If you don't know what version of Python you are using, it's easy to figure out. The Python version is shown when you enter the Python REPL. In a terminal type python and the version is printed out above the REPL prompt.

> python
Python 3.8.5 (default, Jul  2 2020, 17:30:36) [MSC v.1916 64 bit (AMD64)] :: Anaconda, Inc. on win32
Type "help", "copyright", "credits" or "license" for more information.
>>>

At this point, we have converted an original Jupyter notebook into a Python script. We have also included a requirements.txt file and a runtime.txt file alongside our script. The directory structure of our growing project is shown below.

project/
    analysis.ipynb
    analysis.py
    requirements.txt
    runtime.txt
    plot.png
    data/
        raw_data.csv

Our dependencies and Python version are defined. Let's write our first tests!

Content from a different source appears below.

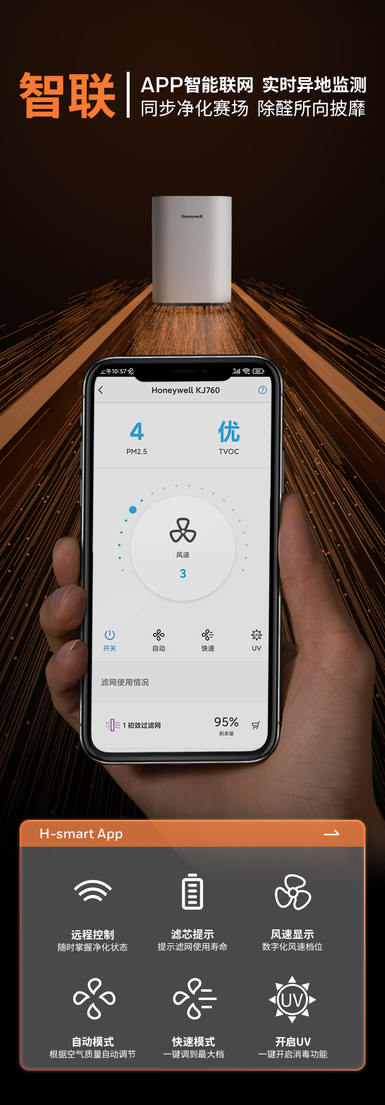 霍尼韦尔(Honeywell)空气净化器 除甲醛除雾霾pm2.5 UV消毒杀菌除过敏原空气/台 本白色

Test Dependency Versions and Python Version

Now that we defined our package versions and Python version, we can write tests to confirm these are the same versions that run our script. If another researcher wants to run our script, they can confirm through our tests that they are using the same dependency versions we are.

Test Dependencies

Create a new directory called tests and inside the tests directory, create a new file called test_dependencies.py. Also, create a blank __init__.py file alongside the test_dependencies.py file. You can leave __init__.py empty. The file just has to have the name __init__.py. This tile defines the tests/ directory as a package.

The directory structure of our project now looks like:

project/
    analysis.ipynb
    analysis.py
    requirements.txt
    runtime.txt
    plot.png
    data/
        raw_data.csv
    tests/
        __init__.py
        test_dependencies.py

Inside the test_dependencies.py file, we can write tests that confirm the versions of the packages we say are necessary in our requirements.txt file. Examples of these tests are below. The tests are written using pytest, an excellent testing framework that is pretty easy to use.

# tests/test_dependencies.py

from pathlib import Path

import matplotlib as mpl
import numpy as np
import pandas as pd

fp = Path(Path.cwd(), "requirements.txt")
with open(fp, "r") as f:
    v = f.readlines()
d = {}
for l in v:
    r = l.split("==")[0]
    ver = l.split("==")[1].strip()
    d[r] = ver


def test_numpy_version():
    expected = d["numpy"]
    actual = np.__version__
    assert actual == expected


def test_pandas_version():
    expected = d["pandas"]
    actual = pd.__version__
    assert actual == expected


def test_matplotlib_version():
    expected = d["matplotlib"]
    actual = mpl.__version__
    assert actual == expected

The code at the top of the file reads our requirements.txt file and parses our required packages and versions into a Python dictionary. Below are three tests, one test for each required package.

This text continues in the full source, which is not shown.